___ Dataset entries
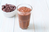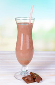 mleko czekoladowe w szkle, na drewnianym stole, na jasnym tle
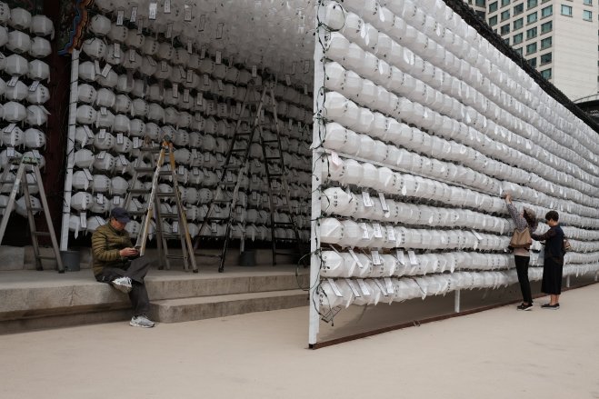 White lanterns, Seoul, South Korea Two women tying placards to white lanterns at Jogyesa temple in Seoul, South Korea.
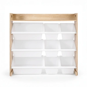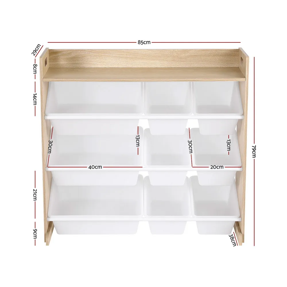 The Keezi Kids Toy Box Organiser brings cheerful organisation to any child's space with its practical 9-bin storage system. Featuring both large and small removable bins arranged across 3 tiers, an open shelf to display and storage, this unit makes tidy-up time fun and accessible for little hands. The child-safe design includes smooth rounded edges, comfortable handles and anti-tip protection, while the white and wooden finish complements most room décors. Perfect for storing toys, books, art supplies and more, this organiser helps develop good habits while keeping belongings neat and accessible.
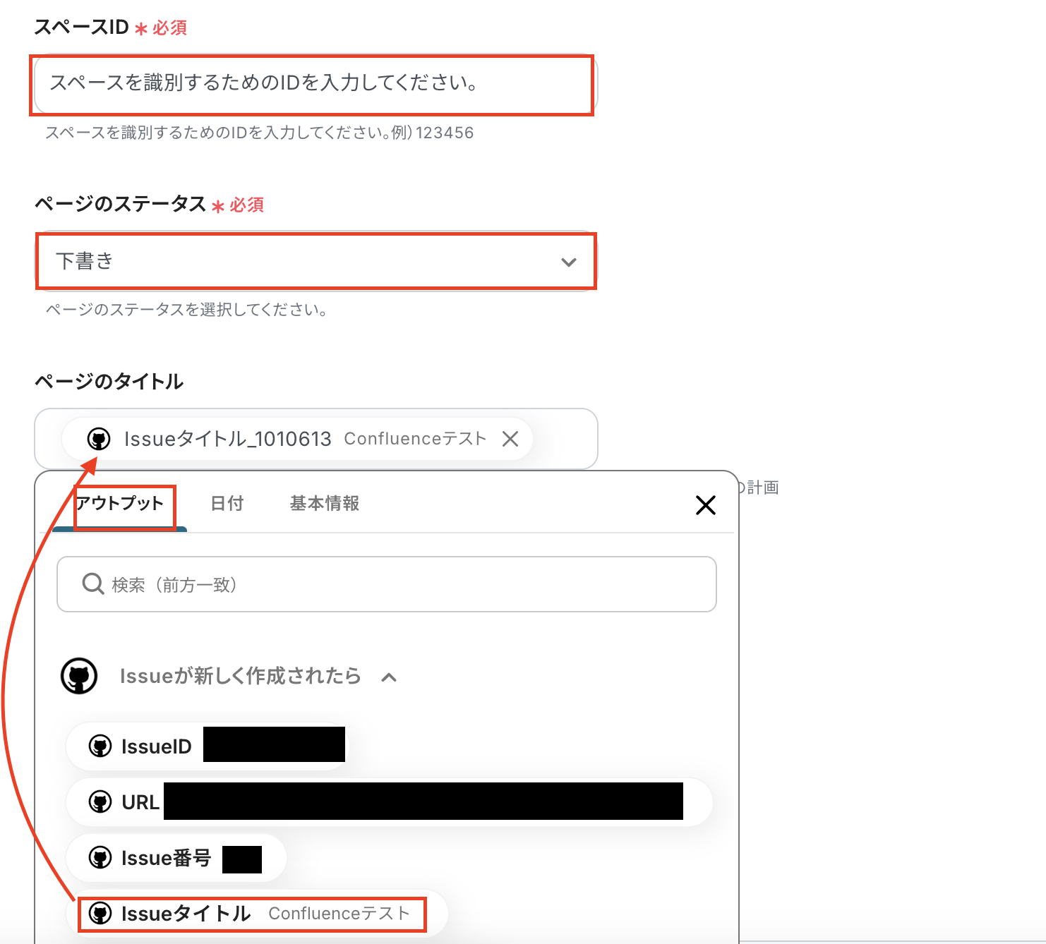 ステップ5:Confluenceのアクション設定
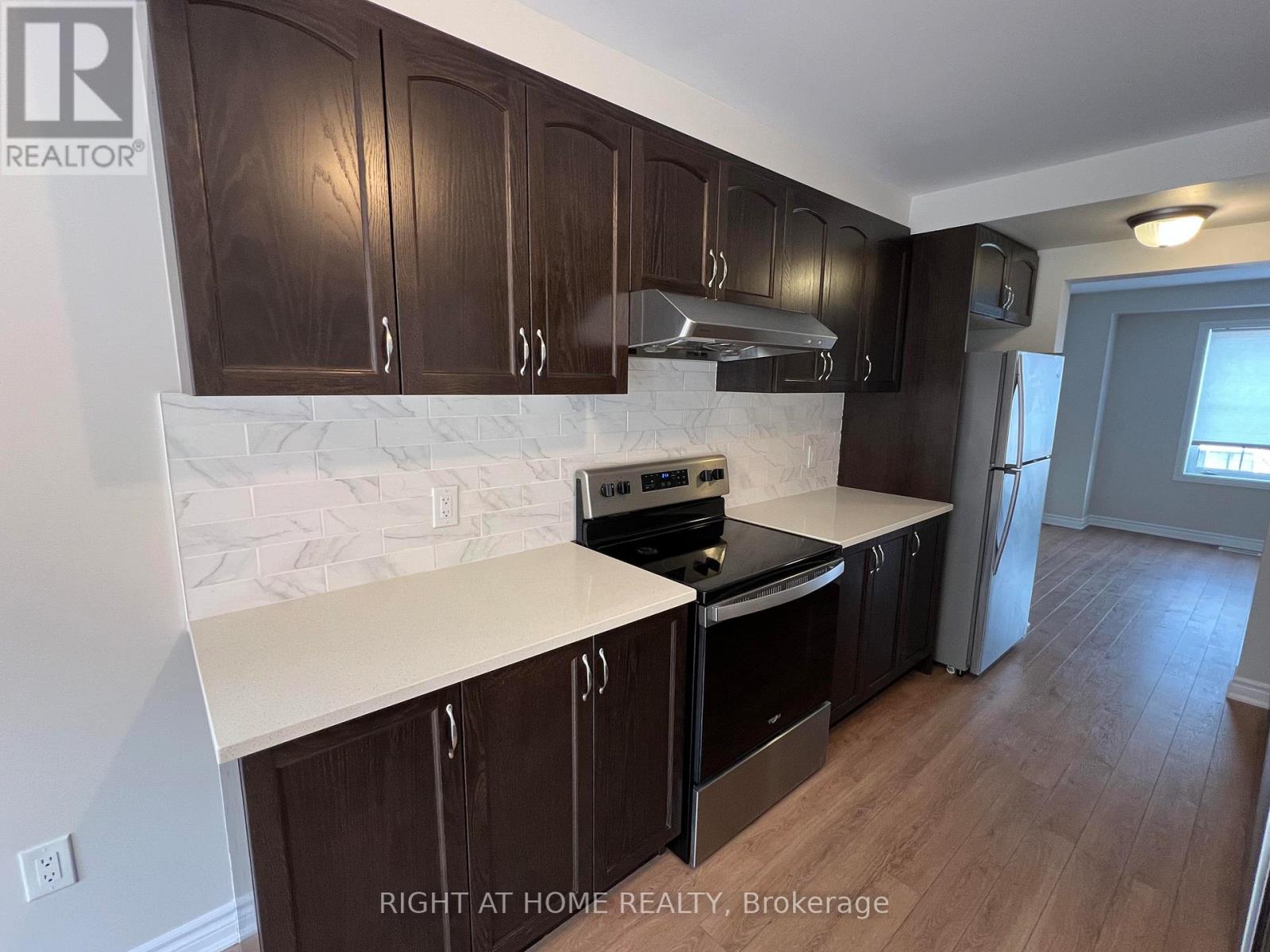 Modern 3 storey end row unit, 4 bedroom, 2 full ensuite bathrooms, total 3.5 bathrooms, open kitchen with quartz island to accommodate breakfast eating counter space, pot lights in family room, trendy glass door shower stall in master ensuite and MF bedroom with ensuite bath, luxury vinyl tiles and laminating flooring through out, only carpeting on the staircases, quartz countertops in Kitchen and all full bathrooms, 2004 sq ft of luxury living space in 3 level, main floor laundry, rear attached double garage and huge 2nd level balcony off eating area.5 appliances. Ready for you to move in. All offer to lease must accompany with full credit report - Landlord only consider full credit and tenant report obtained from SINGLEKEY.COM and select the option to share to listing agent, completed rental application, proof of employment, copy of latest paystub, deposit cheque in bank draft or certified cheque. No smoking and no pet. Tenant will provide tenant liability insurance, pays gas, hydro, water and on demand hot water heater rental, tenant responsible for lawn mow and snow removal. (id:49712)
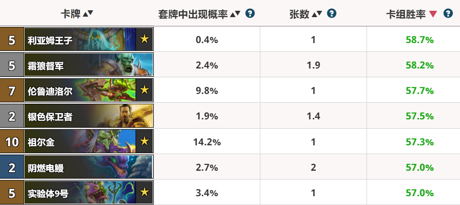 《炉石传说》拉斯塔哈战吼卡胜率排名
______
• [Activity]
What you give back should be exactly the lines from the top of the data above down to and including the line with "White lanterns, Seoul, South", minus any pictures.

• [Reply to the task]
 mleko czekoladowe w szkle, na drewnianym stole, na jasnym tle
 White lanterns, Seoul, South Korea Two women tying placards to white lanterns at Jogyesa temple in Seoul, South Korea.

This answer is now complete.